Ancient Plants / Being a Simple Account of the past Vegetation of the Earth and of the Recent Important Discoveries Made in This Realm of Nature - Marie Carmichael Stopes

C, Scar of leaf; S, leaf base. In the scar: v, mark of severed vascular bundle, and p, of parichnos. l, Ligule scar.

From the abundant, though scattered material, fossil botanists have reconstructed the plants in all their detail. The trunks were lofty and of great thickness, bearing towards the apex a much-branched crown, the branches, even down to the finest twigs, all dividing into two equal parts. The leaves, as would be expected from the great size of the plants, were much bigger than those of the recent species ([fig. 93] shows the actual size of the leaf bases), but they were of the same relatively small size as compared with the stems, and of the same simple pointed shape. A transverse section across the apex of a fertile branch shows these closely packed leaves arranged in series round the axis, those towards the outside show the central vascular strand which runs through each.

Fig. 94.—Section across an Axis surrounded by many Leaves, which shows their simple shape and single central vascular bundle v

The markings left on the well-preserved leaf-scars indicate the main features of the internal anatomy of the leaves. They had a single central vascular strand (v, [fig. 93]), on either side of which ran a strand of soft tissue p called the parichnos, which is characteristic of the plants of this group.
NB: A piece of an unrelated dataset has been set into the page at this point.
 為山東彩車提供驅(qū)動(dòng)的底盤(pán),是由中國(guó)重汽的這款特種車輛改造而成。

While another similarly obscure structure associated with the leaf is the little scale-like ligule l on its upper surface.
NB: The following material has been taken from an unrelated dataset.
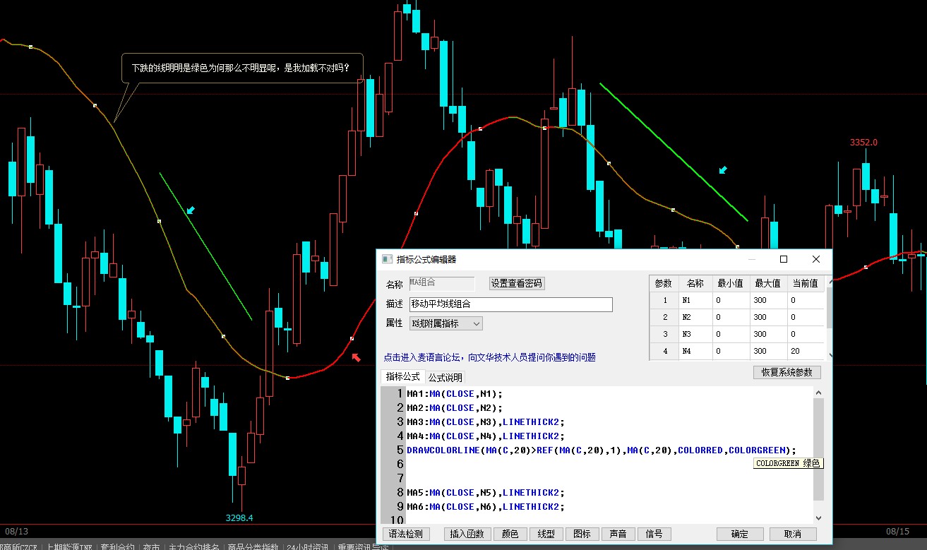 投资者咨询:[求助]均线变色问题 (文华财经WH6赢顺V6.7)

The anatomy of the stems is interesting, for in the different species different stages of advance are to be found, from the simple solid protostele with a uniform mass of wood to hollow ring steles with a pith. An interesting intermediate stage between these two is found in Lepidodendron selaginoides (see [fig. 95]), where the central cells of the wood are not true water-conducting cells, but short irregular water-storage tracheides (see [p. 56]), which are mixed with parenchyma. All the genera of these fossils have a single central stele, round which it is usual to find a zone of secondary wood of greater or less extent according to the age of the plant.

Fig. 95.—Transverse Section of Lepidodendron selaginoides, showing the circular mass of primary wood, the central cells of which are irregular water-storage tracheides

s, Zone of secondary wood; c, inner cortical tissues; r, intrusive burrowing rootlet; oc, outer cortical tissues with corky external layers k. (Microphoto.)
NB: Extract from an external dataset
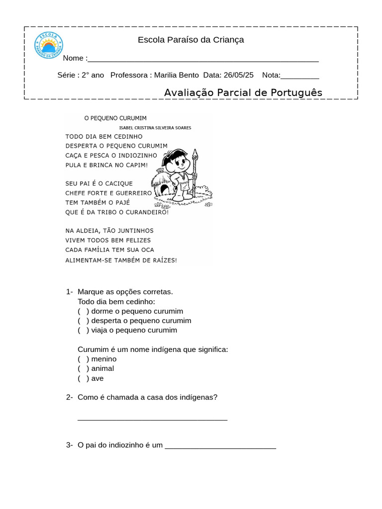 Série : 2° ano Professora : Marilia Bento Data: 30/05/25 Nota:_________

Some stems instead of this compact central stele have a ring of wood with an extensive pith. Such a type is illustrated in [fig. 96], which shows but a part of the circle of wood, and the zone of the secondary wood outside it, which greatly exceeds the primary mass in thickness. This zone of secondary wood became very extensive in old stems, for, as will be imagined, the primary wood was not sufficient to supply the large trunks. The method of its development from a normal cambium in radiating rows of uniform tracheides is quite similar to that which is found in the pines to-day. This is the most important difference between the living and the fossil stems of the family, for no living plants of the family have such secondary wood. On the other hand, the individual elements of this wood are different from those of the higher families hitherto considered, and have narrow slit-like pits separated by bands of thickening on the longitudinal walls. Such tracheides are found commonly in the Pteridophytes, both living and fossil. Their type is seen in [fig. 96, B], which should be compared with that in figs. [78, A] and [62, B] to see the contrast with the higher groups.